The exercise had been, as he intended, a powerful teaching moment. It was for me.
It exposed the insidious influence of latent prejudice even among people who think they’re above it.
No one in my family had ever bad-mouthed Black people.
I can’t remember any of those other children doing it overtly.
And yet their latent and not-so-latent biases came out in their treatment of Arthur.
And, consequently, in mine.
I first wrote about this experience in 1992, in the context of a school desegregation issue.
I am writing it now because of Gov. Ron DeSantis. If his self-styled Stop-WOKE Act had been in force then, I probably could have sued Lew Killian for making me feel badly about myself, and he would have been fired.
More likely, he would not have taught the course at all, and he would have left Florida as soon as the Legislature passed the bill.
It would have been as impossible then as it is now to teach American history, civics or race relations without mentioning the three-century history of anti-Black racism in America, how it took root as an excuse for slavery, and how it continues to affect how Americans treat each other today.
The DeSantis law (HB 7 in 2022) is a baited trap for anyone who would try to teach any of that honestly.
Consider what the law says teachers must avoid. It applies even to the sensitivity training programs at private businesses.
No one must be made to feel that “a person, by virtue of his or her race, color, sex or national origin, bears personal responsibility for and must feel guilt, anguish, or other forms of psychological distress because of actions in which the person played no part committed in the past by other members of the same race, color, national origin, or sex.”
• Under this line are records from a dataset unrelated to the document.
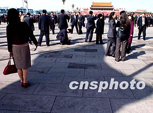 三月十七日北京天安門廣場春光明媚,人大代表們在參加全國人大十屆一次會議第七次全體會議投票前紛紛拍照留影。作者:賈國榮
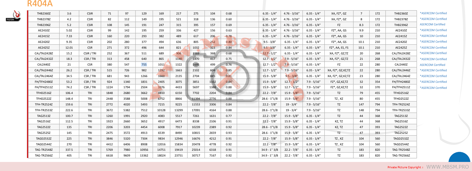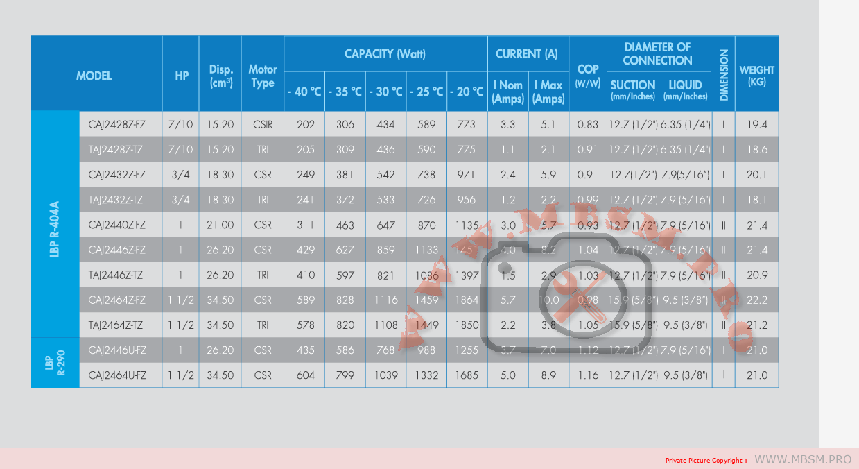 Refigerant R404A / R507 / R449A / R448A / R452A Working range[stC] LBP -40 do -10 Nominal capacity [W] evaporating temperature -10C 2234 Power supply 220V 50Hz Motor type CSR Displacement [cm³] 26,20 Weight [kg] 21,40 Refrigerant: R404A,
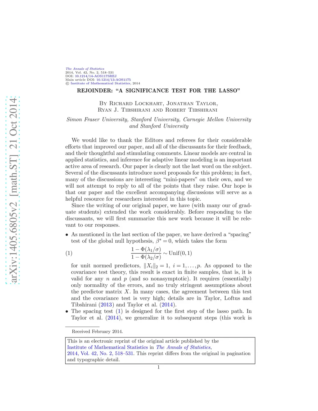 Rejoinder of "A significance test for the lasso" by Richard Lockhart, Jonathan Taylor, Ryan J. Tibshirani, Robert Tibshirani [arXiv:1301.7161].
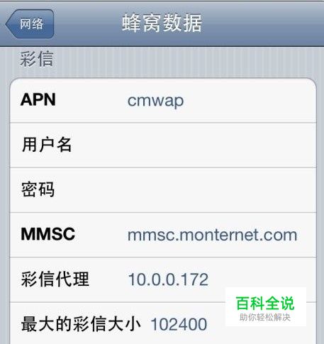 移动卡 依次进入:设置-通用-网络-蜂窝数据网,然后填写表格: 蜂窝数据: APN: cmnet 用户名: 密码: 彩信 APN:cmwap 用户名: 密码: MMSC:http://mmsc.monternet.com 彩信Da1L1:10.0.0.172 最大的彩信大小:102400
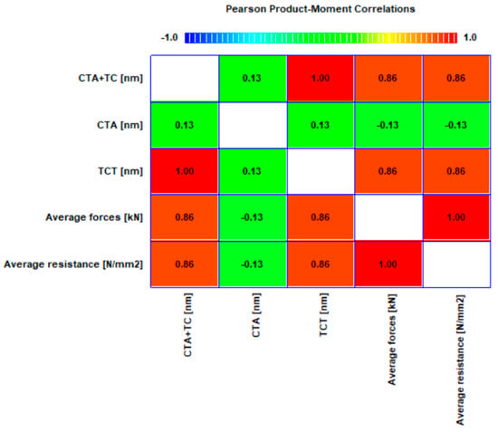 Centralized table with results of crosscut tests of specimens used in experiments.
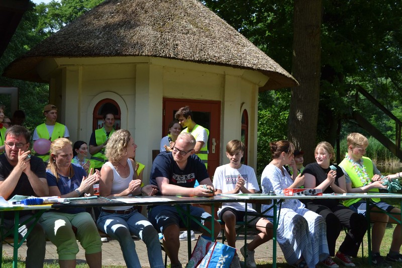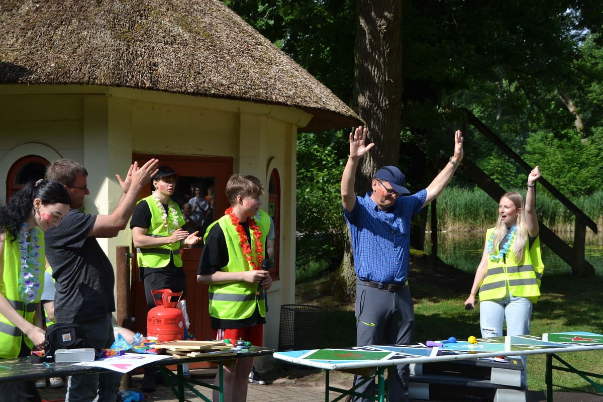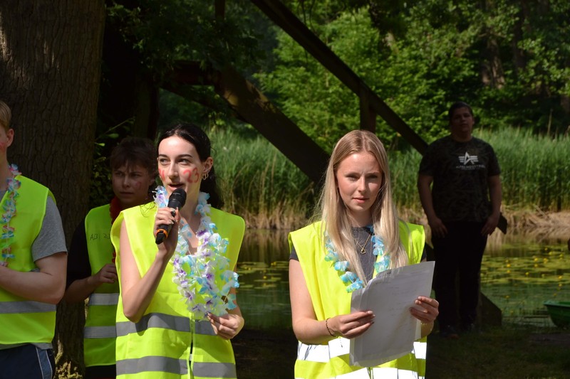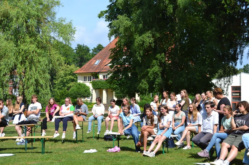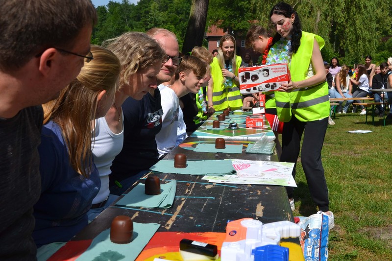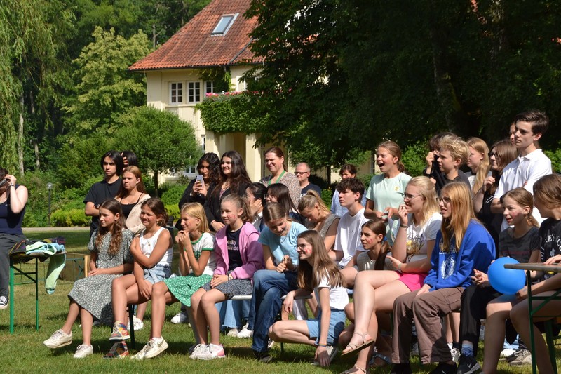 Der frühe Morgen begann mit der Herausforderung, zunächst den Weg ins Lehrerzimmer frei zu machen. Ein Zahlenschloss und viele mit Wasser gefüllte Becher waren dabei zu überwinden, denn die Zahlen waren auf der Unterseite einiger Becher geschrieben. Und dann war auch noch die Reihenfolge zu bestimmen, eine Aufgabe, der sich Matthias Ratzlaff und einige Kollegen in aller Frühe annahmen. Danach ging erst einmal alles seinen stundenplanmäßigen Gang. Nach dem Frühstück in der großen Pause, rief der Jahrgang alle Marienauer*innen am Teich zusammen, denn frisch gefrühstückt spielt es sich viel besser. Lilli, Evelyn und Lasse fungierten als Spielleiter*innen. Das Publikum wurde bestens unterhalten mit Helium-Karaoke durch Alexander Dölecke und Reimer Hinrich, sowie durch Quiz-Battles von Alja Koch und Lasse in Politik und Gert Erber mit Lukas in Geschichte. Gert Erber und Alexander Dölecke durften dann bei einer Art Poetry-Slam ihre Qualitäten im Reimen und Dichten unter Beweis stellen.
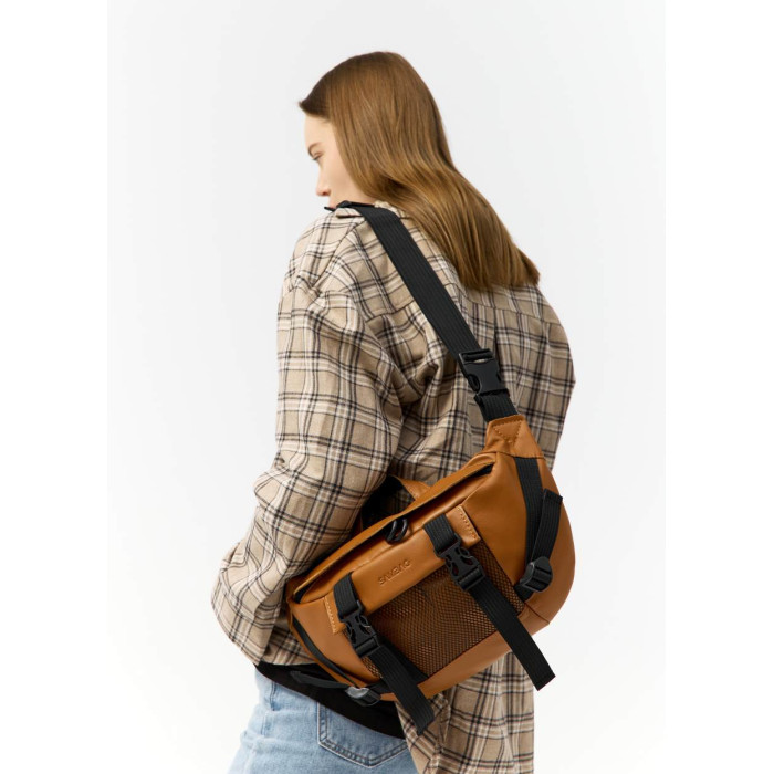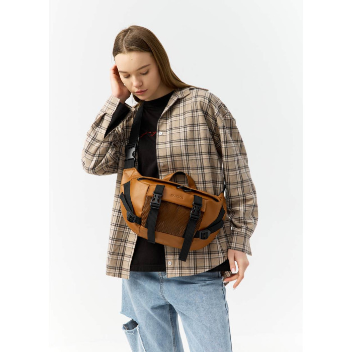Велика шкіряна жіноча поясна сумка бананка Sambag DynamicDart руда
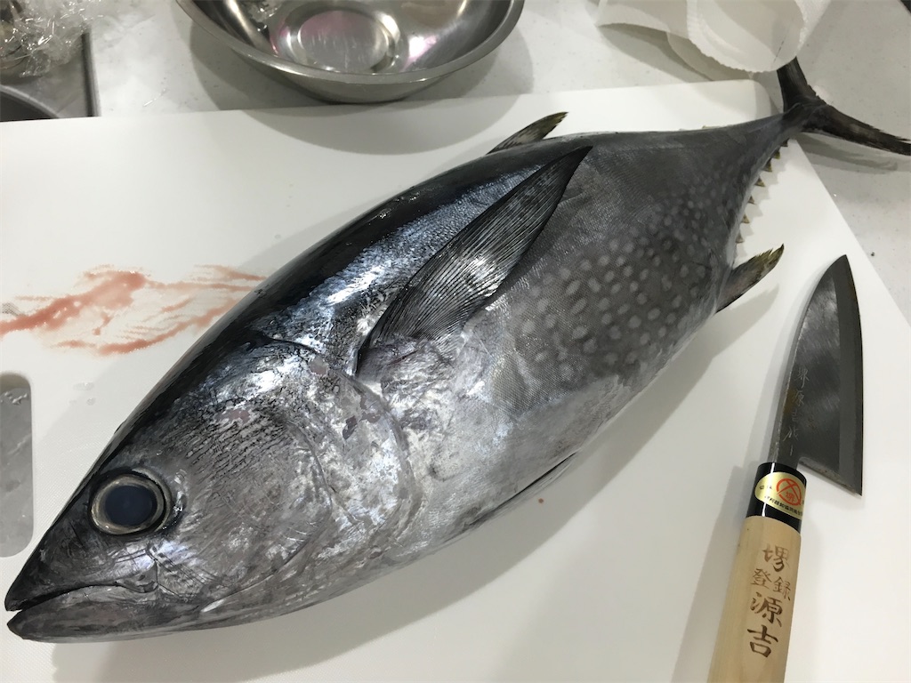といっても、ツナを作る為に巨大なマグロを買ってくるわけにもいかないし、柵どりされているものをツナに変えても、キッチンラボ的にはいまいちだし!とうことで、ヨコワという、クロマグロの幼生を仕入れてきました。
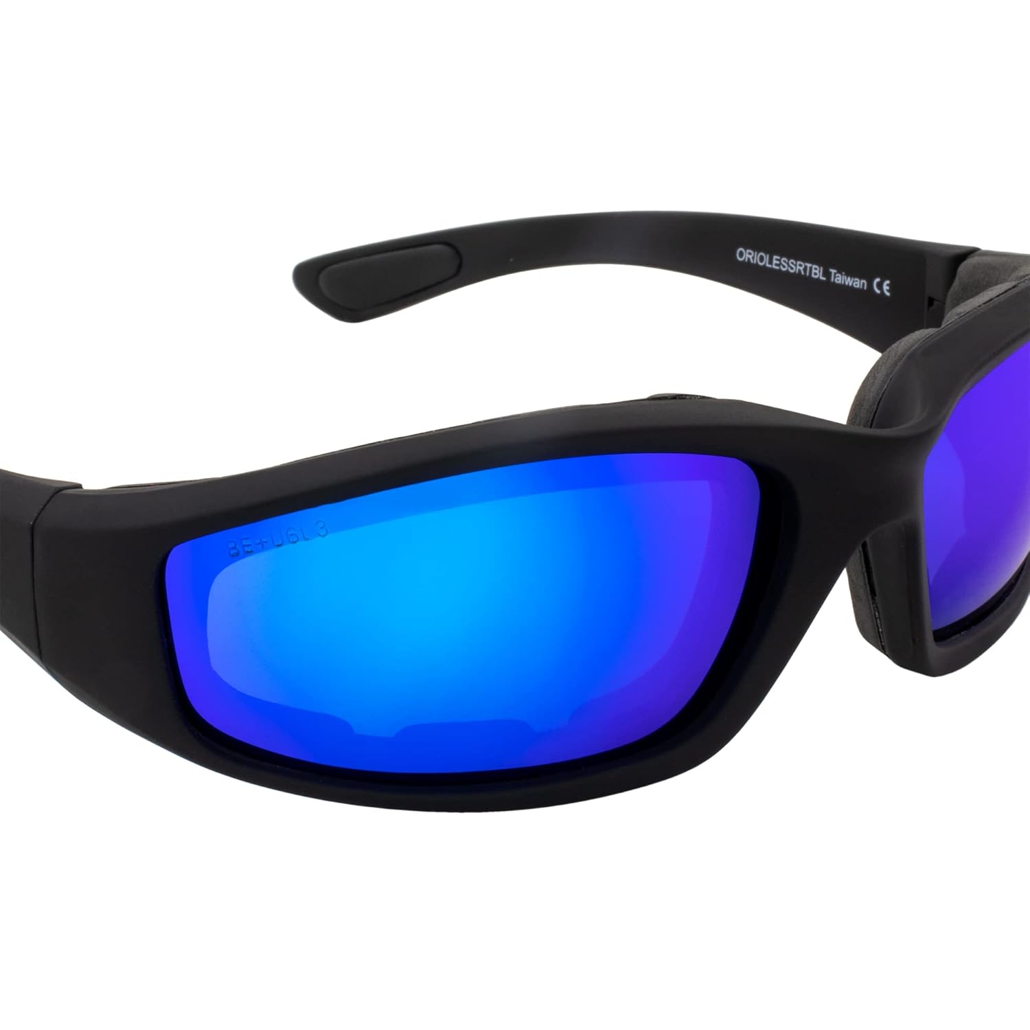 Birdz Oriole SS Padded Motorcycle Riding Sunglasses for Men or Women Anti fog ANSI Z87.1+ Black Frame w/Blue Mirror Lens

That draws a blurry line easily crossed, as U.S. District Judge Mark Walker recognized in his 138-page order banning its enforcement on college campuses — an order the DeSantis administration is appealing. Walker called that part of the law “positively dystopian.”
DeSantis’ alternative history and censorship are prevailing in public schools. A book about the baseball hero Roberto Clemente, who died in a plane crash on a humanitarian mission, was off Duval County’s shelves for a year because it mentioned, altogether truthfully, that he had experienced racism.
As a privileged white person, and as a patriot, I damn well should feel responsible, guilty and anguished for not having done enough to make the laws truly colorblind or to make race prejudice as taboo as profanity in a house of worship.
Killian was born and raised in Georgia and had an accent to prove it. He was faculty adviser to the Kappa Alpha fraternity chapter at FSU, which I made fun of in a student newspaper column for the ways it celebrated the Confederacy. When a student in his class said I had no right to write such things, Killian rebuked him sharply.
“Don’t you ever say in my class that someone doesn’t have a right to write something,” Killian responded.
How far backward have we gone since then?